**What to produce**
Count the lines below holding "very" and answer with that number only.

**Data under study**
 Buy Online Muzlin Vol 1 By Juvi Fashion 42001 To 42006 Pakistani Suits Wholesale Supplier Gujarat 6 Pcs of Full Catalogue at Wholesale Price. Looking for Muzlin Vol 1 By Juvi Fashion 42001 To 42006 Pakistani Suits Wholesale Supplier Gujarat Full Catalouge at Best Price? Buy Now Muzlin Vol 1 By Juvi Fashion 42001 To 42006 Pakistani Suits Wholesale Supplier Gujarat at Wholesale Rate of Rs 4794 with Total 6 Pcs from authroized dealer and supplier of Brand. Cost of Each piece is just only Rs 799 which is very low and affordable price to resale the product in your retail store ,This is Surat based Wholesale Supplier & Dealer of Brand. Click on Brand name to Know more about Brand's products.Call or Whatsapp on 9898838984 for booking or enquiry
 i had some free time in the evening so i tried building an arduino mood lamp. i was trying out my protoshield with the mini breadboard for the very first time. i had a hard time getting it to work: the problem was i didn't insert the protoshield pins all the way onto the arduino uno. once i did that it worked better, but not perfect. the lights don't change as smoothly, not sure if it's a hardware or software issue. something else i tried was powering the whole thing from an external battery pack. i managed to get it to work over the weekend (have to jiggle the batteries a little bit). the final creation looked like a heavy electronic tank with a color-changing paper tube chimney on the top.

---

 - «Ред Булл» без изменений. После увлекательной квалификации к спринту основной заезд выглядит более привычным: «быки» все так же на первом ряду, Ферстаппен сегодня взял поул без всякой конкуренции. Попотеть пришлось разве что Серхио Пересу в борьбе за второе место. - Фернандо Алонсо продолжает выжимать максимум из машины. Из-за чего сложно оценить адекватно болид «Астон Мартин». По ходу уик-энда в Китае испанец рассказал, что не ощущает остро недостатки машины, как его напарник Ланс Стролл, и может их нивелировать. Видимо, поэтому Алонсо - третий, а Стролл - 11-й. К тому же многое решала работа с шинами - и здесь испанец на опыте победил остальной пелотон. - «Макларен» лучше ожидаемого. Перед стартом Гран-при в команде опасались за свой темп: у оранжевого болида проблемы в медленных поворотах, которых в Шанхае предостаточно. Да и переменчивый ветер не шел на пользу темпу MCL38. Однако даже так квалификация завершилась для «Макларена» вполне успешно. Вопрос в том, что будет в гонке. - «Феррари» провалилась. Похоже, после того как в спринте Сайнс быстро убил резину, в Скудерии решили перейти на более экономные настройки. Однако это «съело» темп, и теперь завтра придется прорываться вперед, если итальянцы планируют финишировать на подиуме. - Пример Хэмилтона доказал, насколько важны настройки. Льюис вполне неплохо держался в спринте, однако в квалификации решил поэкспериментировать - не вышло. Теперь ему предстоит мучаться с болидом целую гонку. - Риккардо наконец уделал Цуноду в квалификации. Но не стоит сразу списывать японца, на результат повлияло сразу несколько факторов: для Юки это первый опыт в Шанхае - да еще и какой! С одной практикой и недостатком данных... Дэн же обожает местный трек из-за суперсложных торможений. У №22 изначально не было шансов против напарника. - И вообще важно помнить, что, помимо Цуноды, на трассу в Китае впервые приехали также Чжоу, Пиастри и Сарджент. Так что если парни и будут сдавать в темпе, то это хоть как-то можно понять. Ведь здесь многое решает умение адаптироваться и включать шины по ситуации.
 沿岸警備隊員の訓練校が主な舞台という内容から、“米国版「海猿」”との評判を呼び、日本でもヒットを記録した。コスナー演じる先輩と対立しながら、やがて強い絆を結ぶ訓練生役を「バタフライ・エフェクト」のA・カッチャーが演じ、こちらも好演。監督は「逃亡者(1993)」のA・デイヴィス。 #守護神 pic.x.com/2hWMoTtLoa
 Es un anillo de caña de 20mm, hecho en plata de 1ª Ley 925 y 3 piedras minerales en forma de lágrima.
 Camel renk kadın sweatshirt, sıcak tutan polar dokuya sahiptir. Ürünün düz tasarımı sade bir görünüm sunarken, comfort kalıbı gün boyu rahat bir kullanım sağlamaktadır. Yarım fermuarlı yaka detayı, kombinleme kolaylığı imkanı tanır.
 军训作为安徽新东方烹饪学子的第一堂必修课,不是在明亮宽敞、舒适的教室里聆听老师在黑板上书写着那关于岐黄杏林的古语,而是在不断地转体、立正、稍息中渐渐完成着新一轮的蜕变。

* * *

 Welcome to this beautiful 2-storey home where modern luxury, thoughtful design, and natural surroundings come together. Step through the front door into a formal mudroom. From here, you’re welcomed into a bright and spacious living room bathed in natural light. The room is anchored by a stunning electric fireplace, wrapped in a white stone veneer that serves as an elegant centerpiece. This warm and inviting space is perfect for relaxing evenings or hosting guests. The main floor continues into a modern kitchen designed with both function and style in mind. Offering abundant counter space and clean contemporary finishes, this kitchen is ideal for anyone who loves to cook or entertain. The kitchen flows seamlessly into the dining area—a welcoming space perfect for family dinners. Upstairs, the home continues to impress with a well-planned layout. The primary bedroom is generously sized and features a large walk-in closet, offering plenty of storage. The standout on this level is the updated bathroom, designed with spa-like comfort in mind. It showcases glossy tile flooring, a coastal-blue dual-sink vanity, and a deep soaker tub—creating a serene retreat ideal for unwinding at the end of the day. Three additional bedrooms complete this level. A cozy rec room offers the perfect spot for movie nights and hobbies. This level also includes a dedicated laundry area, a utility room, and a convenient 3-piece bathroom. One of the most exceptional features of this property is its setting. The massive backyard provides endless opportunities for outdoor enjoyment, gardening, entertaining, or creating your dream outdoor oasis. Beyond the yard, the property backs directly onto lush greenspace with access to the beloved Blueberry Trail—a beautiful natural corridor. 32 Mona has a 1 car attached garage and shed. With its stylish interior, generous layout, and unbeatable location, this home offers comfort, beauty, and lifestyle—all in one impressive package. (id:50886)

**Expected answer**
2